What this task involves: Starting at the line that has "Newly upgraded premium" and stopping after the line that has "двухкомнатной квартире бизнес-класса", reproduce the listing below exactly; omit everything else.
---------- Supplied records
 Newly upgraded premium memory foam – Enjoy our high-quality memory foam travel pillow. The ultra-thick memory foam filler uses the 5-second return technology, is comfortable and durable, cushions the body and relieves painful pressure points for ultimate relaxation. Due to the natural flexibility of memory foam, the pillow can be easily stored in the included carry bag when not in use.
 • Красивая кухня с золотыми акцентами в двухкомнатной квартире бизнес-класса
--------------------
---------- Supplied records
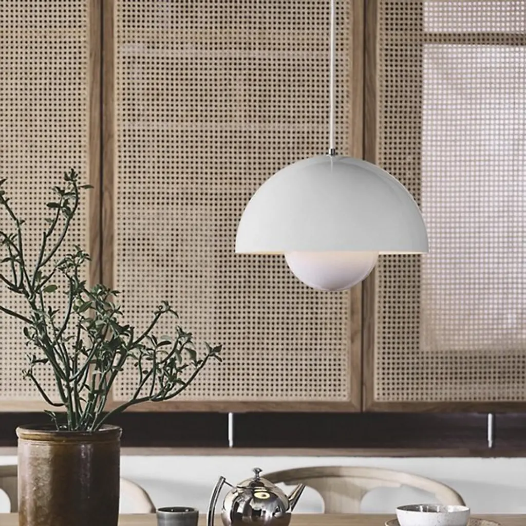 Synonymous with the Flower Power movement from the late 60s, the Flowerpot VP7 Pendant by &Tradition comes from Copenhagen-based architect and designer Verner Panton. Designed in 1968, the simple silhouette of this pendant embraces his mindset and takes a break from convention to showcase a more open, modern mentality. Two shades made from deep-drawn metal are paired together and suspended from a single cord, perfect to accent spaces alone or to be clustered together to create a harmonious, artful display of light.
--------------------
---------- Supplied records
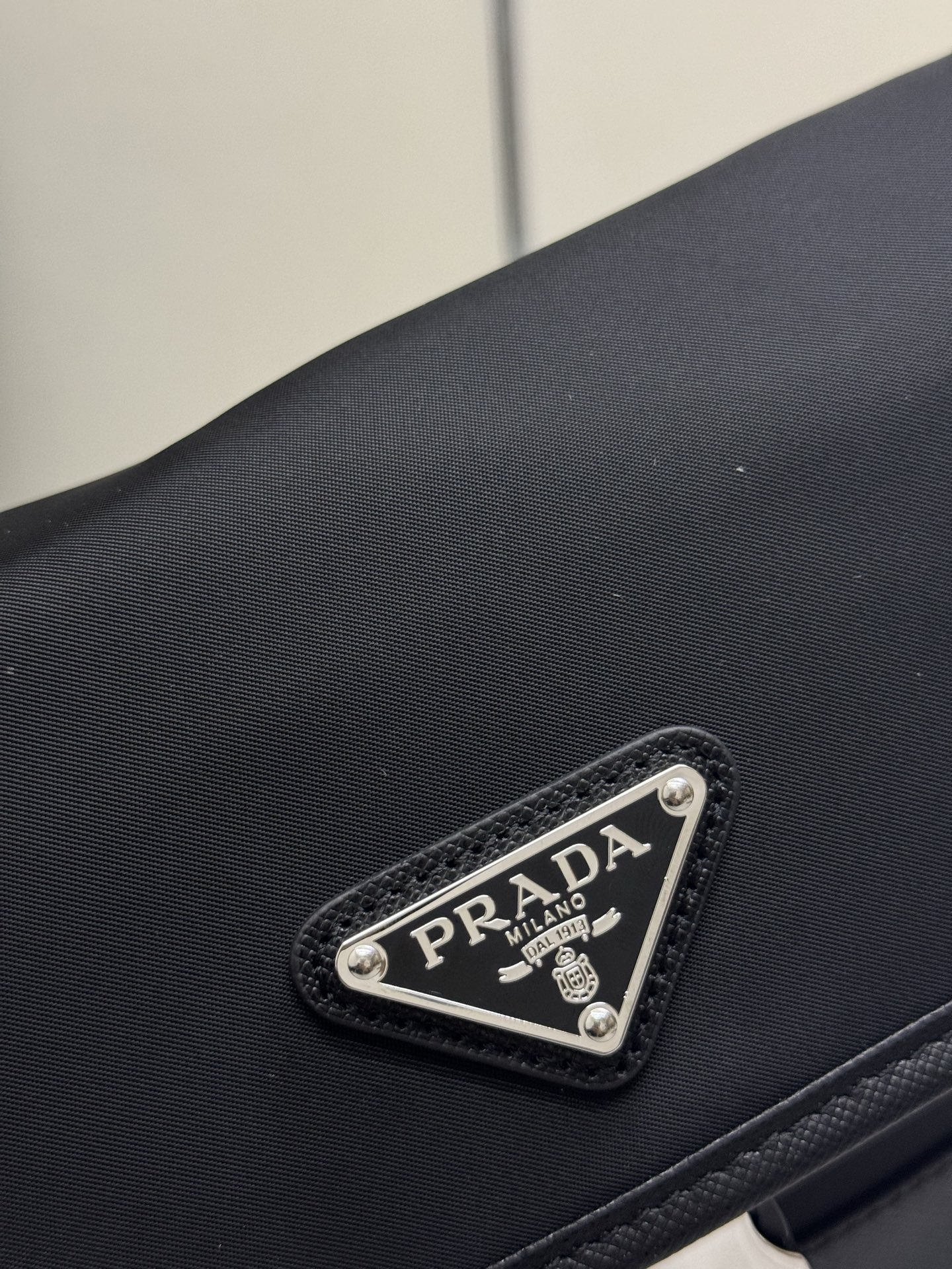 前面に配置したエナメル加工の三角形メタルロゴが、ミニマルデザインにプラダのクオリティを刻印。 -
--------------------
Reply to the task:
 Newly upgraded premium memory foam – Enjoy our high-quality memory foam travel pillow. The ultra-thick memory foam filler uses the 5-second return technology, is comfortable and durable, cushions the body and relieves painful pressure points for ultimate relaxation. Due to the natural flexibility of memory foam, the pillow can be easily stored in the included carry bag when not in use.
 • Красивая кухня с золотыми акцентами в двухкомнатной квартире бизнес-класса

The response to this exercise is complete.